Code of which the purpose is too special could be published as extension package.
Consistency¶
New functionalities should work with existing types, if applicable.
Specifically, this includes for example AtomArray
,
AtomArrayStack
, Sequence
, Annotation
and of course ndarray
.
Python version and interpreter¶
Biotite is made for usage with Python 3.6 and upwards. Therefore, no compatibility hacks for Python 2.x are necessary. Furthermore, this package is currently made for use with CPython. Support for PyPy might be added someday.
Code style¶
Biotite is in compliance with PEP 8. The maximum line length is 79 for code lines and 72 for docstring and comment lines. An exception is made for docstring lines, if it is not possible to use a maximum of 72 characters (e.g. tables), and for doctest style lines, where the actual code may take up to 79 characters.
Dependencies¶
Biotite currently depends on numpy, requests, msgpack. The usage of these packages is not only allowed but even encouraged. Further packages might be added to the dependencies in the future, so if you need a specific package, you might open an issue on GitHub. But keep in mind, that a simple installation process is a central aim of Biotite, so the new dependency should neither be hard to install on any system nor be poorly supported.
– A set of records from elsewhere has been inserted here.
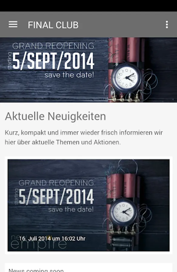 Now there is a FINAL CLUB's official app for smartphone! All news, photos, events and dates as land directly in your pocket. Whenever there is something new on your phone's ringing. And because a smartphone is simply a phone, a button can be equal to make a connection. The FINAL CLUB App always provides a direct line.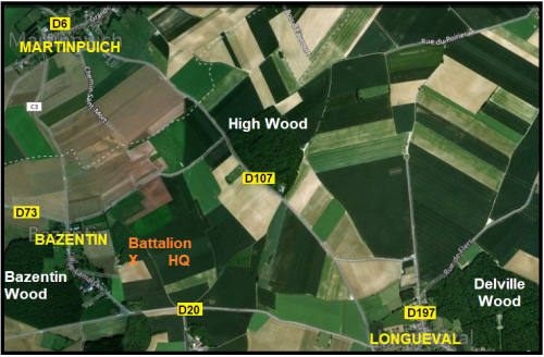 Battalion HQ 1st/2nd August 1916 and the war memorials at West Row and Woodditon click here to go to the Commonwealth War Graves Commission website for full cemetery/memorial details |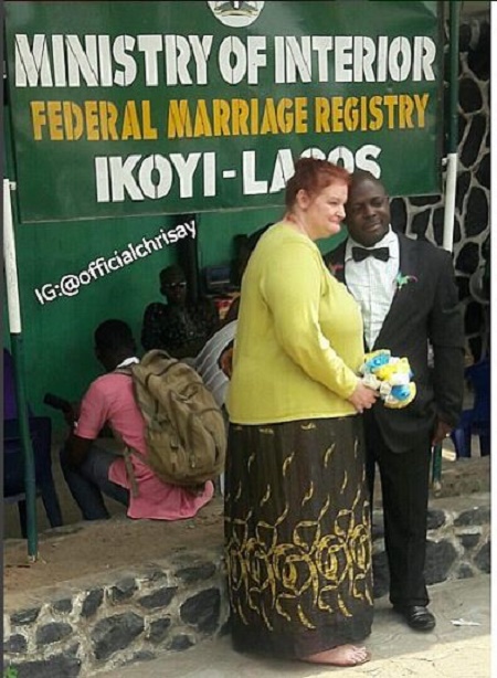 "Ba mi dupe luwo oluwa ooo.. Mo ti fe oyinbo, jesu seun" (Help me thank God, I've married a white). Those were the words of this young man while receiving a phone call, just after tying the knot with this white woman at the Ikoyi registry earlier today.

Another approach is adding your special dependency to the list of extra
requirements in install.rst
.
In this case, put the import statement for the dependency directly into the
function or class, rather than module level, to ensure that the package is not
required for any other functionality or for building the API documentation.
If your added code has a dependency that is too special, consider publishing the code as extension package.
Code efficiency¶
Although convenient usage is a primary aim of Biotite, code efficiency plays also an important role. Therefore time consuming tasks should be C-accelerated, if possible. The most convenient way to achieve this, is using NumPy. In cases the problem is not vectorizable, writing modules in Cython are the preferred way to go. Writing pure C-extensions is discouraged due to the bad readability.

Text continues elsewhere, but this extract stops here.